A second issue is the decision to call virtually every terminal clade in the phylogram a "species." Here is the relevant portion of the phylogram—the part representing what could be called "the castaneus clade":

Note the scale bar, which represents 8% phylogenetic difference. If you divide it up (mentally) and superimpose it over the branches of the phylogram, you can see that all of the individual species branches in the group represent less than a two percent difference from their sisters, and some (for example castaneus and smithii) are not even one percent divergent. (By the way, the small numbers within the branching represent statistical support probabilities calculated by the software, not phylogenetic difference.)
There is no hard-and-fast, written-somewhere "rule" about this, but phylogenetic differences of less than two percent in one gene do not necessarily qualify as species lines for me. The standard I'm currently using for my own work on mycorrhizal mushrooms, using a minimum of four genes, is this:
"To delimit a species we required a minimum of three sampled collections in a monophyletic group with a minimum of 2% phylogenetic divergence measured as branch lengths, together with at least one of the following: a) inferred mycorrhizal host differences, b) unique geographic provenance, c) unambiguous, consistent morphological separation. We have only named new species when the material studied includes at least one of our own collections (including collections that were documented and sent to us by others)" (Kuo et al. 2026, ms. in prep.)
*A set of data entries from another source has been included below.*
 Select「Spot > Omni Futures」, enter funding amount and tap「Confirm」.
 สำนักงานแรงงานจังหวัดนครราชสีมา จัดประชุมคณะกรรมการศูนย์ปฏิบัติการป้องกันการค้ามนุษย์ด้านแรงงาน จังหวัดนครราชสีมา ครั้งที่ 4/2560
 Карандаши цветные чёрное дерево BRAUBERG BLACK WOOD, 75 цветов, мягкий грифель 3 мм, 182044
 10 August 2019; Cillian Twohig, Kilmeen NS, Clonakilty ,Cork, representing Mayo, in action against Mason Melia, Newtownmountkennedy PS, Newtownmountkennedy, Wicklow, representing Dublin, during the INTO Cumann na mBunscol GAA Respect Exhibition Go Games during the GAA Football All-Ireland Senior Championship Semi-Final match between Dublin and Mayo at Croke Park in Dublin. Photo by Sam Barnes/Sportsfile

By this standard none of the putative species in the castaneus clade would be phylogenetically distant enough from castaneus itself to qualify as a separate species, and only borealis, with four collections tested, would have included enough collections even to merit consideration. Thus, while there are some geographic and morphological differences represented in the Davoodian et al. phylogram (purpurinus is purplish red, for example), my standards close the phylogenetic-difference door for all the branches in the phylogram, and leave the number-studied door open only for borealis, which still can't get through the first door.
Even if you feel my standard is too conservative and change the phylogenetic difference gateway to one percent (for context, humans and chimpanzees share 99% of DNA when compared gene-to-gene, but share about 96% when genomes are compared), castaneus and smithii would not qualify as separate, and borealis would have to include the unnamed collection it is sister to (a poorly documented GenBank sequence with no collection location, date, collector, or herbarium cited in the GenBank deposit or the original paper, Wilson et al. 2012). It is unclear whether the authors view the poorly documented GenBank sequence as a potentially discrete species; they say it "nests close to G. borealis" but, much to their credit, they continue: "however, since the physical specimen is unknown to the authors it is not treated here" (Davoodian et al. 2020). I wonder, then, why the sequence has been included in the phylogram in the first place.
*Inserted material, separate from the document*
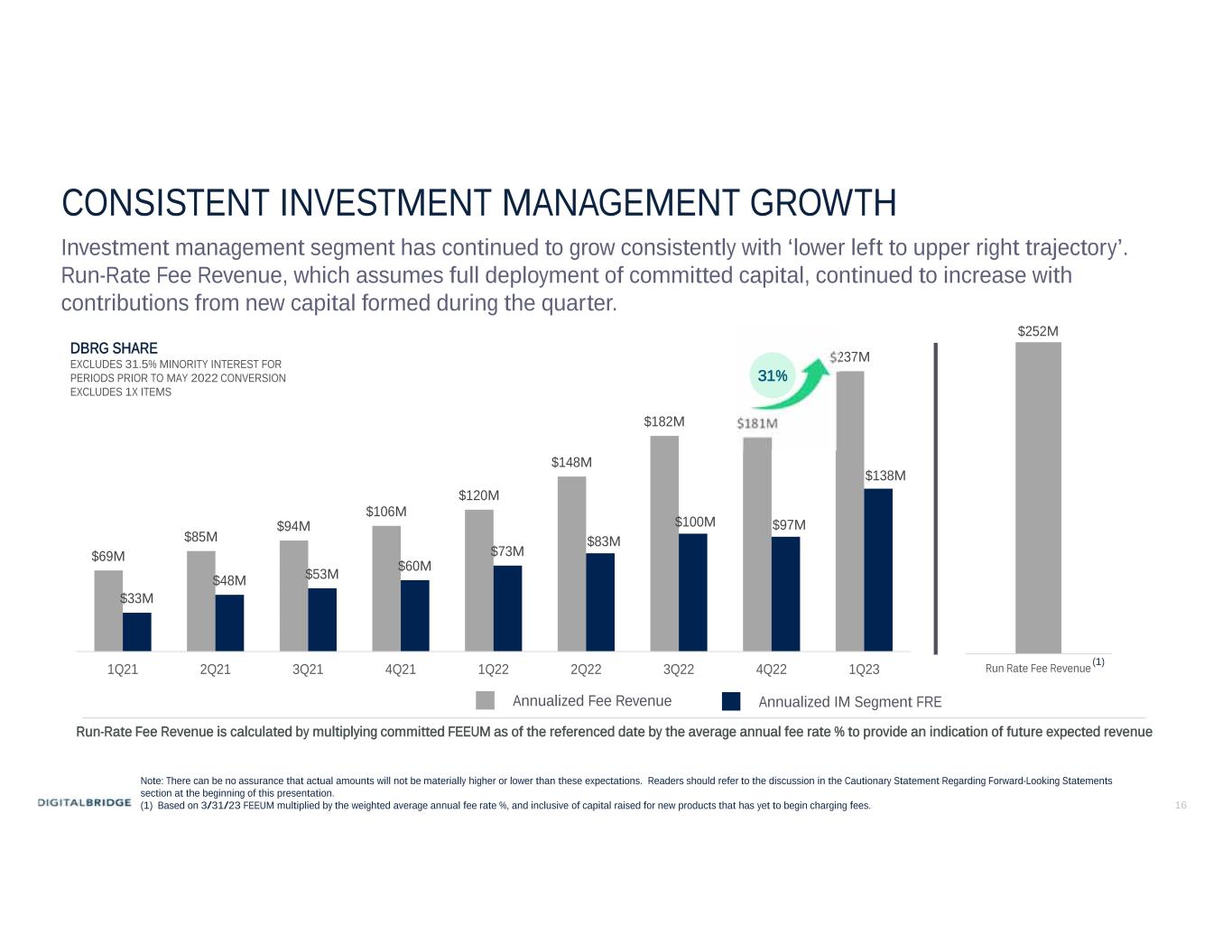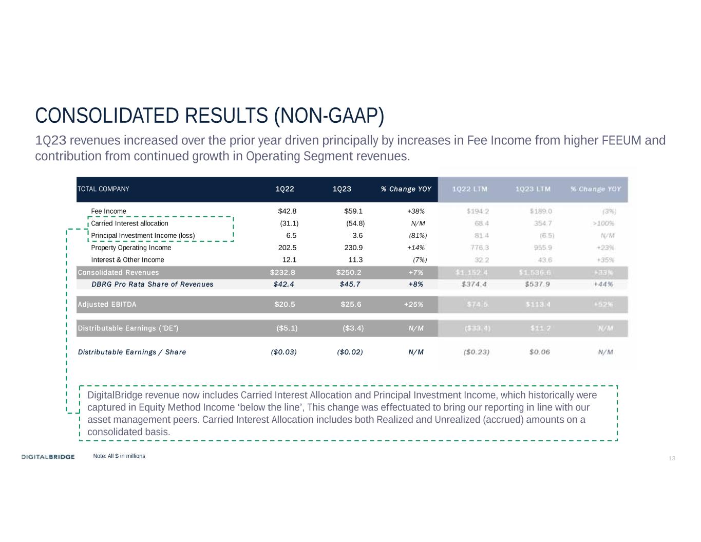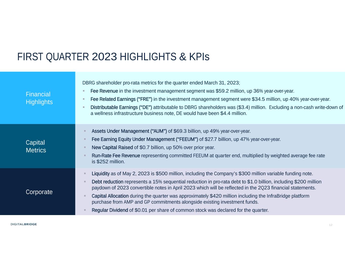 12 FIRST QUARTER 2023 HIGHLIGHTS & KPIs DBRG shareholder pro-rata metrics for the quarter ended March 31, 2023;  Fee Revenue in the investment management segment was $59.2 million, up 36% year-over-year.  Fee Related Earnings (“FRE”) in the investment management segment were $34.5 million, up 40% year-over-year.  Distributable Earnings (“DE”) attributable to DBRG shareholders was ($3.4) million. Excluding a non-cash write-down of a wellness infrastructure business note, DE would have been $4.4 million. Financial Highlights  Assets Under Management (“AUM”) of $69.3 billion, up 49% year-over-year.  Fee Earning Equity Under Management (“FEEUM”) of $27.7 billion, up 47% year-over-year.  New Capital Raised of $0.7 billion, up 50% over prior year.  Run-Rate Fee Revenue representing committed FEEUM at quarter end, multiplied by weighted average fee rate is $252 million. Capital Metrics  Liquidity as of May 2, 2023 is $500 million, including the Company’s $300 million variable funding note.  Debt reduction represents a 15% sequential reduction in pro-rata debt to $1.0 billion, including $200 million paydown of 2023 convertible notes in April 2023 which will be reflected in the 2Q23 financial statements.  Capital Allocation during the quarter was approximately $420 million including the InfraBridge platform purchase from AMP and GP commitments alongside existing investment funds.  Regular Dividend of $0.01 per share of common stock was declared for the quarter. Corporate

Before I leave the phylogenetic issues I should also point out that Gyroporus castaneus is represented in the phylogram above by two GenBank sequences—a Belgian and a Czech collection, when the original description of the species represents French material (Bulliard 1788). There is no physical holotype collection made by Bulliard in the 18th century and available in a herbarium somewhere for sequencing, which means the species should be "epitypified" with a well documented contemporary collection from France for comparison—before potential species that are very closely related are considered.
Color
Gyroporus smithii and Gyroporus borealis can be separated, according to Davoodian et al. (2020), not just by sequencing the rpb2 gene and accepting very small phylogenetic divergence as division of species, but also on the basis of their colors, distributional range, and spore sizes:
"G. smithii corresponds to an orange species of Gyroporus that has often been encountered in the United States west and south of the Appalachian Mountains (east of the Great Plains) and is likely often mistaken for G. borealis (since G. borealis can display some orange coloration, though it is generally more darkly colored). G. smithii also has smaller and less elongated spores than G. borealis."
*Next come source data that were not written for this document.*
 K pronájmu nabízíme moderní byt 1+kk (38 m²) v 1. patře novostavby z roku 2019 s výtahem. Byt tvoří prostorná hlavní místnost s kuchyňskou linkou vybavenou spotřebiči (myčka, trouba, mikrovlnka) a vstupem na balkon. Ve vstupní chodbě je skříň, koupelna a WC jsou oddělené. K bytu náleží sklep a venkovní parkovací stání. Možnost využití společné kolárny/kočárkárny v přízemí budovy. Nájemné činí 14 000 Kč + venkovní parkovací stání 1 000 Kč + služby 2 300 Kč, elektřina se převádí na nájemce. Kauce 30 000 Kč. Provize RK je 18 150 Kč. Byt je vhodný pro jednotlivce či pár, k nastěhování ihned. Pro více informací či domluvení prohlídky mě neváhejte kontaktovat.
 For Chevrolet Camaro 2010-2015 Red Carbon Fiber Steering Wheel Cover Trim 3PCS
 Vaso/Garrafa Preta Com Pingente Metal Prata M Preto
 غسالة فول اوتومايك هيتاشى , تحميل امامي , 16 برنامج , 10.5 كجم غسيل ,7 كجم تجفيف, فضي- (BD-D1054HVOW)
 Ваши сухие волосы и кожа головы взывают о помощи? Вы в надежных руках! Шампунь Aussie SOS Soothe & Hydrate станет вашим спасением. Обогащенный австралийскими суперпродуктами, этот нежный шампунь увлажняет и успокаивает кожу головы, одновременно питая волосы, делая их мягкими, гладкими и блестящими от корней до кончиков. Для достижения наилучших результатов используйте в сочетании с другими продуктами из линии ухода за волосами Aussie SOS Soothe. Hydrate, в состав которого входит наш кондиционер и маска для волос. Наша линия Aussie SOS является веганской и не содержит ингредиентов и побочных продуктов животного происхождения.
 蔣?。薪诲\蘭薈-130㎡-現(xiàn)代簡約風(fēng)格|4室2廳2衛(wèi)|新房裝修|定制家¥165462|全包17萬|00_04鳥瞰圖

The problem is, these claims are supported by examination of a mere seven collections (four for borealis, three for smithii), and they fall apart with the slightest scrutiny. The color, for example, is described as "orange-brown, cinnamon brown to sometimes reddish" for borealis, and we are given the Methuen Handbook of Colour (Kornerup & Wanscher 1978) codes "6D–E6,5." The holotype collection is illustrated with a photo:

. . . that looks way more orange than "orange-brown." In fact, the Methuen codes given for borealis look like this:

These Methuen colors do appear to me to correspond to "orange-brown," but they don't match the type specimen, the Kuo color code for which would be RFO (O = "orange"). Four collections of borealis are cited, including this type collection. Two of the other three were made by Walt Sturgeon, one of the most experienced collectors on the planet. Sturgeon (2022, pers. com.) was asked for "specimens of the generally smaller orange capped one," and sent the two Ohio collections cited as paratypes. This means that three of the four collections were orange—but, remember, this is not the "orange species!"
By way of supposed contrast, the orange species, smithii, is described as "yellow-orange to orange to cinnamon-orange 6C–D7,6" (Davoodian et al. 2020). Here are these Methuen colors:

Yes, these colors are a bit more "orange" than those coded for borealis, although 6:D6 is an overlapping color. But even these versions of orange and brown are not as orange as the type collection of the non-orange species pictured above. I would offer you the potentially contrasting photo of one of the three smithii collections in the publication, BUT THERE IS NO PHOTO in the publication.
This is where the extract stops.